# Just Purchased 1st SE-R



## 00alti-se (Feb 20, 2010)

Hey fellas, i just aquired my first alti se-r..... its freakin sweeeeet. It has 58k on it and I probly overpaid by about a grand, but thats a small price for happieness. I have a few questions tho,...... the high beams shoot a beam straight up, aside from the primary beam, WTF??? driving allong and noticed the trees lit up above me....also the tach is not very smooth moving, its kinda choppy why is this?:wtf: Also, I have little time to tinker with it, but I wanna Hop-It-Up a little ie. cai,headers,ecu,cams and/or possibly boost or supercharge it. It didnt come with a owners manual, so based on experience it i'd say that its about ready for a clutch, gearbox flush,coolant etc. Im about to road test it and take it to Ohiio for 6 Wks(work):thumbdwn:and hopefully ima have some time to do some tinkering this summer. Thanx for reading, thanx for the info and Drive safely..... PEACE


----------



## jamol1988 (Nov 17, 2009)

Hey dude !!
How much did you pay for it??
is it 05 or 06??


----------



## 00alti-se (Feb 20, 2010)

YO! its an 05, super black on black/grey. I paid 14250 for it, I wouldhave liked to get it for around 13, but like i said its a small price for happieness. really its the only car i remotely considered amongst evo8s,10'sscamaros.didnt like anything and im not gonna pay 35k+ for something I dont really like, ya know . i love the style, its fairly quick, and its fairly cheap------ smiles for miles


----------



## jamol1988 (Nov 17, 2009)

I got my Black Altima se-r 05 up for sale
It' a manual transmission with only 55 K miles
let me know if someone interested


----------



## Tony Two-Tone (Feb 18, 2010)

Congrats on your purchase. I don't know what's up with that high beam thing though. I'd say there's something up with the aiming of the headlights, but your lows would be off too. This might sound like a dumb question, Is there anything broken inside the housing that you can see? 

As far as the tach, I'm sure what you mean by choppy, but mine doesn't react as fast as I'd like sometimes so maybe it's just an Alty thing or something.


----------



## 00alti-se (Feb 20, 2010)

LOL. naw, nothings broken dont really use the hi's anyway. the hids do a pretty good job.btw... what mods u got on ur alti?


----------



## Tony Two-Tone (Feb 18, 2010)

Yeah, I the factory lows are pretty good. 

So far not a whole lot.
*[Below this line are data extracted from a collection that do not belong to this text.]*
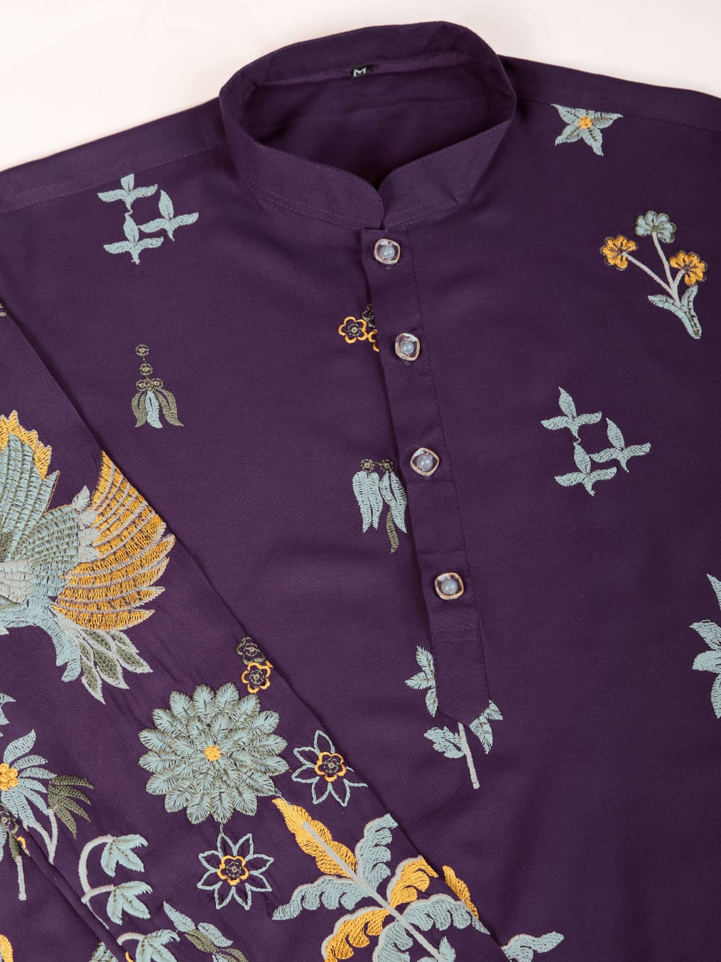 Purple Colour Soft Viscose Reyon Silk Heritage Style With Heavy Thread Work With Sequines Work Kurta Payjama
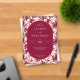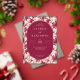 This elegant wedding invitation features a luxurious maroon oval panel surrounded by a vibrant floral pattern of red roses and green foliage on a soft pink background. The design showcases a sophisticated layout with clean, centered typography that highlights the couple's names in an elegant script font, while the date and location details are presented in a classic serif style. The overall theme exudes romance and formality, perfect for celebrating a significant life moment. With its rich color palette and detailed botanical motifs, this invitation sets the tone for a warm and memorable celebration.
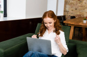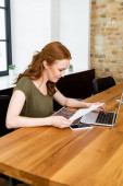 Selektywne skupienie kobiety patrząc na laptopa, trzymając tosty z dżemem przy stole
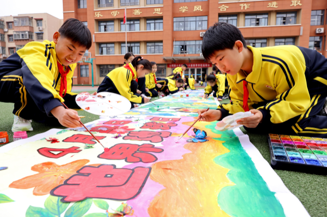 学生在描绘“珍爱地球 守护美丽家园”画卷 孙中喆 李響 摄
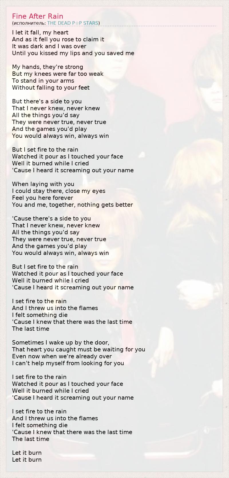 А как ты думаешь, о чем песня "Fine After Rain" ?
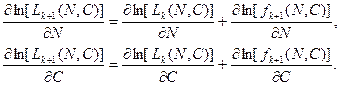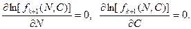 Прологарифмируем (33) и возьмем частные производные по параметрам
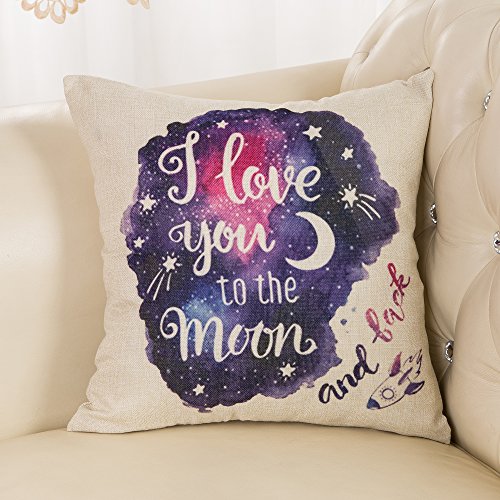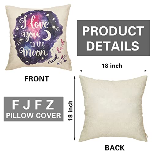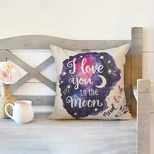 Fjfz - Cotton Linen Home Decorative Throw Pillow Cover 18" x 18", Galaxy Star Cushion Case for Sofa Couch Watercolor I Love You to The Moon and Back Lover Gift Decor Valentine’s Day Decoration

Yet. I have: 
Custom intake setup
Removed mufflers and resonator from my exhaust (basically straight pipe)
RL springs front and rear
RL FSTB
Drilled/Slotted Powerslot rotors and Hawk pads (coming) 
Went from the factory 225/45/18 RE-01R to a 245/40/18 Falken Ziex ZE-512

There wasn't a whole lot I saw performance-wise without tearing into the motor. I was going to go with a full N/A build, but that has since changed and I'm knee-deep in a custom S/C project.


----------